Cynics may shrug at another round of Beatles for sale some 40 years after the band's split. Unlike cheesy repackaged oldies dispensed with annoying regularity by rock vets, these spine-tingling remasters constitute page one of a vital chapter in pop history: The Beatles as you were always meant to hear them.

Buy: :wacko: The Beatles Stereo Box Set | :p The Beatles Mono Box Set

Visit Amazon's The Beatles Store
 

eyore

DLRP explorer
Playlist Author
Nah, the best way to hear them was live at the Cavern (before they pulled it down, moved it to another building over the road, pulled that down and then rebuilt it where it was originally - Liverpool has always been slow to realize the importance of things like that) - complete with perspiration dripping off the ceiling :lol:
One good thing about:-
(a) being old
(2) Living in Liverpool.
Worked in Penny Lane (yes, the bank on the corner)
Live two minutes away from Paul McC's old home (yes, I was here when he still lived there).
Still, I'll probably get the remastered CDs as well.
Make a change from the vinyl I got in the 60's ;) (I do have them on CD as well)
They should make interesting listening.
On a side note, what we in Liverpool call Penny Lane isn't actually Penny Lane.
It's called Smithdown Place but Penny Lane is an unremarkable road that runs off that (check a map) - just houses, a few small shops on one side and a playing field on the other - but it's usual to call the entire area "Penny Lane" as it was a major bus terminus (hence the shelter in the middle of the roundabout).
OK, more than you wanted to know................
 
I am really fighting with myself on this whole thing. I am a huge Beatles fan but here are some of the things that bug me

Number 1 the boxes are too expensive. Buying all 14 CDs at once should be cheaper then buying them individually

Number 2 Why is the mono box more expensive then the stereo when there are 3 less CDs and no video content?

Number 3 why cant we buy the mono CDs individually instead of only in the box? I would love to get the early CDs in mono but maybe I want some of the others in stereo. They made it impossible to get what you want. I have read that Sgt Peppers for instance sounds better in stereo

Anybody have any thoughts or opinions?
 

Magic Music

Administrator
Playlist Author
As for individual mono and stereo box sets... I think the Beatles should have done the same thing the Beach Boys did with [i]Pet Sounds[/i] — include both the mono and stereo versions of each track on the same CD. Selling them separately, especially in this day and age where most of us have our music on anything but a physical CD, is a rip-off, plain and simple. That being said, I will be buying both sets. ;)

Let's all blame Yoko! :lol:
 

eyore

DLRP explorer
Playlist Author
"Stereo" at that time wasn't that good, honest.

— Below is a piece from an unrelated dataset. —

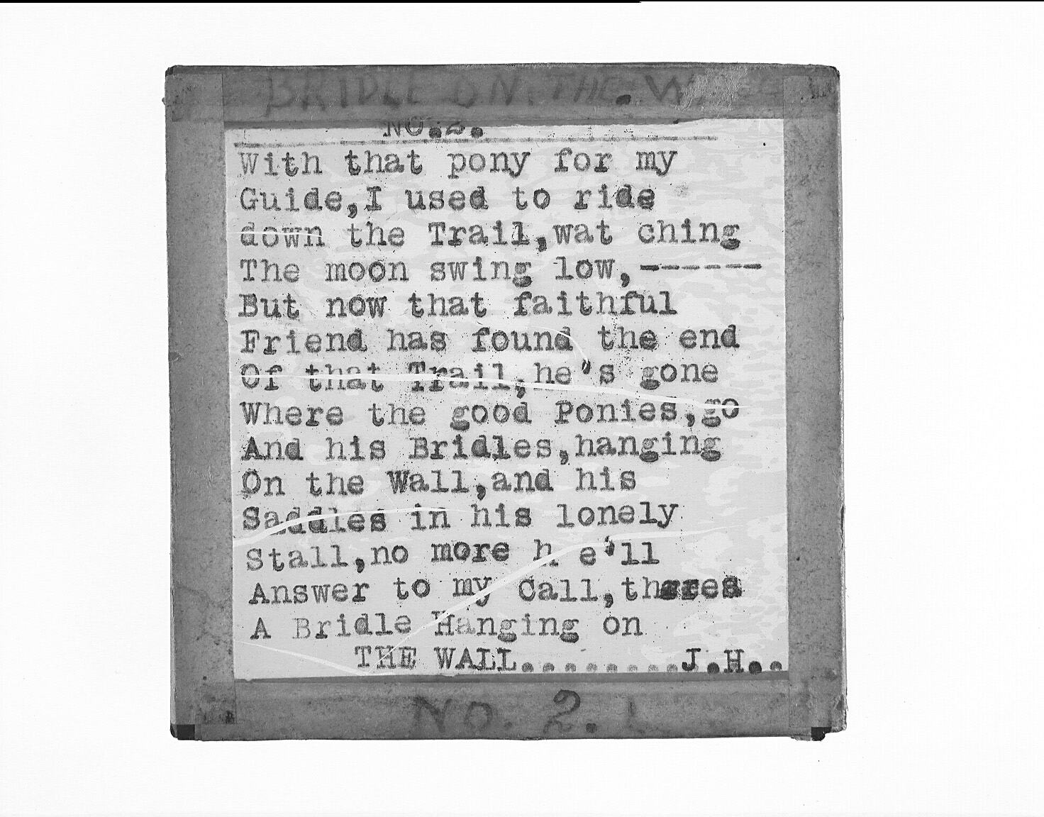 Lantern Slide with the song lyrics for 'Bridle on the Wall' Part 2.

The only stereo sets were inside huge pieces of furniture with the speakers only a few feet apart.
Mono sounded far more like the "real thing" anyway (the speakers on stage were pretty close to each other).
I daresay they can do all sorts of wonders nowadays but it ain't gonna sound like it did back in 1963 :lol: Mono was the norm. Stereo if you wanted to show off.
Even the standard of their own speakers was pretty bad (just made it LOUDER) so you have to balance what it sounded like then to what it would have sounded like if they were recording now.
I suppose anyone under 40 would prefer the more modern view.
I prefer the "no bells or whistle" myself, which sounds more like they did at the time when they performed.
There's a mock-up of their recording studio in the exhibition here in Liverpool.
It's pretty basic and I bet even the simplest recording stuff we us to get our park music is far superior to what they used. ;)
I'll probably get Revolver and a couple of other CDs but definitely not the first two (Please Please me and With the Beatles). The primitivness is part of the attraction for me.